[[ DATA SEGMENT open ]]

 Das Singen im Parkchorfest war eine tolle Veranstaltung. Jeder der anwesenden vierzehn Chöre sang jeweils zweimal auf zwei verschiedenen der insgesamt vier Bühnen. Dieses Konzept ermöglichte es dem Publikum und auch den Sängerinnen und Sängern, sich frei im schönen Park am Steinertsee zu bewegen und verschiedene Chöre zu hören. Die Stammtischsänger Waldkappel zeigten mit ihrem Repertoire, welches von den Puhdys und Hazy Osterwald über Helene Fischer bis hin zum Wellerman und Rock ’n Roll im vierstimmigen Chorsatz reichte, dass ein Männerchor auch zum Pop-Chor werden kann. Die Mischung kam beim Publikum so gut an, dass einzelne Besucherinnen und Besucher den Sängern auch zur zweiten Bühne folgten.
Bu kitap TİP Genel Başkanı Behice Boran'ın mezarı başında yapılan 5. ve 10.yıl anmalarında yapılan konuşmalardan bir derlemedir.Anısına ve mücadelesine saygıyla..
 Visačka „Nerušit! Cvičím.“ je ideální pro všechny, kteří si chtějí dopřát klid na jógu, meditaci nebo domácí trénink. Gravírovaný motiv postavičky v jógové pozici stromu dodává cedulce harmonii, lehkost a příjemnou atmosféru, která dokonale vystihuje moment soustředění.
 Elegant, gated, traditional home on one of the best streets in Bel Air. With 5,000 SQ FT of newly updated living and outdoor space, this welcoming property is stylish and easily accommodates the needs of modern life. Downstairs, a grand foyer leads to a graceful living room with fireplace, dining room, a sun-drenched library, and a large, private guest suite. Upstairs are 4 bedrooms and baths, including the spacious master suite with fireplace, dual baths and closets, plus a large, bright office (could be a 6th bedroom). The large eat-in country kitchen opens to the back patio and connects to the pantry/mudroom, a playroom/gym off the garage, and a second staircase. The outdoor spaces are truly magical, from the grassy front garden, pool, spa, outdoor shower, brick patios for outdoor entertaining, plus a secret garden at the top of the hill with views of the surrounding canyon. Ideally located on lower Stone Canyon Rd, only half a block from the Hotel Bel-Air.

[[ DATA SEGMENT closed ]]

PROMPT:
Print the data above exactly.

WRITTEN RESPONSE:
 Das Singen im Parkchorfest war eine tolle Veranstaltung. Jeder der anwesenden vierzehn Chöre sang jeweils zweimal auf zwei verschiedenen der insgesamt vier Bühnen. Dieses Konzept ermöglichte es dem Publikum und auch den Sängerinnen und Sängern, sich frei im schönen Park am Steinertsee zu bewegen und verschiedene Chöre zu hören. Die Stammtischsänger Waldkappel zeigten mit ihrem Repertoire, welches von den Puhdys und Hazy Osterwald über Helene Fischer bis hin zum Wellerman und Rock ’n Roll im vierstimmigen Chorsatz reichte, dass ein Männerchor auch zum Pop-Chor werden kann. Die Mischung kam beim Publikum so gut an, dass einzelne Besucherinnen und Besucher den Sängern auch zur zweiten Bühne folgten.
Bu kitap TİP Genel Başkanı Behice Boran'ın mezarı başında yapılan 5. ve 10.yıl anmalarında yapılan konuşmalardan bir derlemedir.Anısına ve mücadelesine saygıyla..
 Visačka „Nerušit! Cvičím.“ je ideální pro všechny, kteří si chtějí dopřát klid na jógu, meditaci nebo domácí trénink. Gravírovaný motiv postavičky v jógové pozici stromu dodává cedulce harmonii, lehkost a příjemnou atmosféru, která dokonale vystihuje moment soustředění.
 Elegant, gated, traditional home on one of the best streets in Bel Air. With 5,000 SQ FT of newly updated living and outdoor space, this welcoming property is stylish and easily accommodates the needs of modern life. Downstairs, a grand foyer leads to a graceful living room with fireplace, dining room, a sun-drenched library, and a large, private guest suite. Upstairs are 4 bedrooms and baths, including the spacious master suite with fireplace, dual baths and closets, plus a large, bright office (could be a 6th bedroom). The large eat-in country kitchen opens to the back patio and connects to the pantry/mudroom, a playroom/gym off the garage, and a second staircase. The outdoor spaces are truly magical, from the grassy front garden, pool, spa, outdoor shower, brick patios for outdoor entertaining, plus a secret garden at the top of the hill with views of the surrounding canyon. Ideally located on lower Stone Canyon Rd, only half a block from the Hotel Bel-Air.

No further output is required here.